▸ PROBLEM REQUIREMENTS
Among the entries below, please repeat exactly and only the lines from the line containing "新年联欢会在轻快活泼的《青春" to the line containing "Bell - 1 Light", both lines included.

*** Opening of SOURCE RECORDS ***

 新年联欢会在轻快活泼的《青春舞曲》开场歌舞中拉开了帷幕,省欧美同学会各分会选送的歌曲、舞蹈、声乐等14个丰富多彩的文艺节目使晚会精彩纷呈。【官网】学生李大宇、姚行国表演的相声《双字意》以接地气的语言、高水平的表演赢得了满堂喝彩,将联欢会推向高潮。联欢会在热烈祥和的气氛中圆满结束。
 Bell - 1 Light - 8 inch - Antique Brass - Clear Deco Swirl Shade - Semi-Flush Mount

*** Close of SOURCE RECORDS ***
*** Opening of SOURCE RECORDS ***

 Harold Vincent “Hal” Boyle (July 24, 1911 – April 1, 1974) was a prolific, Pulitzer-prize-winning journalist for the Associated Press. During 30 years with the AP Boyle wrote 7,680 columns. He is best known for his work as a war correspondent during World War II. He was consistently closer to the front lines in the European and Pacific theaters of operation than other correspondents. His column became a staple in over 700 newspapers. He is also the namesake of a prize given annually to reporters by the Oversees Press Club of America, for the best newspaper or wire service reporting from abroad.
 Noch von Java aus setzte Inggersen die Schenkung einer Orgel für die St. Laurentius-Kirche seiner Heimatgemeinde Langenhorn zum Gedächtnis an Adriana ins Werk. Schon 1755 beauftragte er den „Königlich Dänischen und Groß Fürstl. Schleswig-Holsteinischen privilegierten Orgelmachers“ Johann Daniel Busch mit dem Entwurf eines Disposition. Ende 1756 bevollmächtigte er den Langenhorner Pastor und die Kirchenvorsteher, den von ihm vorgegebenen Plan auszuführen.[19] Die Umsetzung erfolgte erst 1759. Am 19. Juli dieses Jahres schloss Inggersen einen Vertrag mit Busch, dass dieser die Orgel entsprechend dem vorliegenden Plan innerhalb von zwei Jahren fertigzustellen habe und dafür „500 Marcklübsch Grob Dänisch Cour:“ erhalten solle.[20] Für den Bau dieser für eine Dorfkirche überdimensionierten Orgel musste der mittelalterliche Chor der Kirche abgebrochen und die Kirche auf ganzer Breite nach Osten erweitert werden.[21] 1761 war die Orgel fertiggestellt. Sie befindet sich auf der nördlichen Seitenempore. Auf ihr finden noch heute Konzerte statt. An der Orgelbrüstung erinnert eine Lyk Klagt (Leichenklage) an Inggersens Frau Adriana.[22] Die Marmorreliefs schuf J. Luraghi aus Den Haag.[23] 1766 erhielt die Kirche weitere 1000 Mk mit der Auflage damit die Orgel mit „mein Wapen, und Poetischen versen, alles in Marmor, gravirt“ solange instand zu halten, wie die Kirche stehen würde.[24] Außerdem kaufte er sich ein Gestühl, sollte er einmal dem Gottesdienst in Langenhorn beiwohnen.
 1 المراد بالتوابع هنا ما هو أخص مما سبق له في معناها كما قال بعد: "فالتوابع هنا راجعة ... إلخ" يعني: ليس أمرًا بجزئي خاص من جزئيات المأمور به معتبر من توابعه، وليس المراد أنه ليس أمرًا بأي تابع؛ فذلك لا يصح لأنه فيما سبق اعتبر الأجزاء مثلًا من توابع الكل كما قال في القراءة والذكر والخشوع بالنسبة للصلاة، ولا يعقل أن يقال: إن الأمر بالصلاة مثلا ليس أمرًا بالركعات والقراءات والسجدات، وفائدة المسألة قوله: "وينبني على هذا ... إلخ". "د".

*** Close of SOURCE RECORDS ***

▸ RESPONSE FOR THIS EXERCISE
 新年联欢会在轻快活泼的《青春舞曲》开场歌舞中拉开了帷幕,省欧美同学会各分会选送的歌曲、舞蹈、声乐等14个丰富多彩的文艺节目使晚会精彩纷呈。【官网】学生李大宇、姚行国表演的相声《双字意》以接地气的语言、高水平的表演赢得了满堂喝彩,将联欢会推向高潮。联欢会在热烈祥和的气氛中圆满结束。
 Bell - 1 Light - 8 inch - Antique Brass - Clear Deco Swirl Shade - Semi-Flush Mount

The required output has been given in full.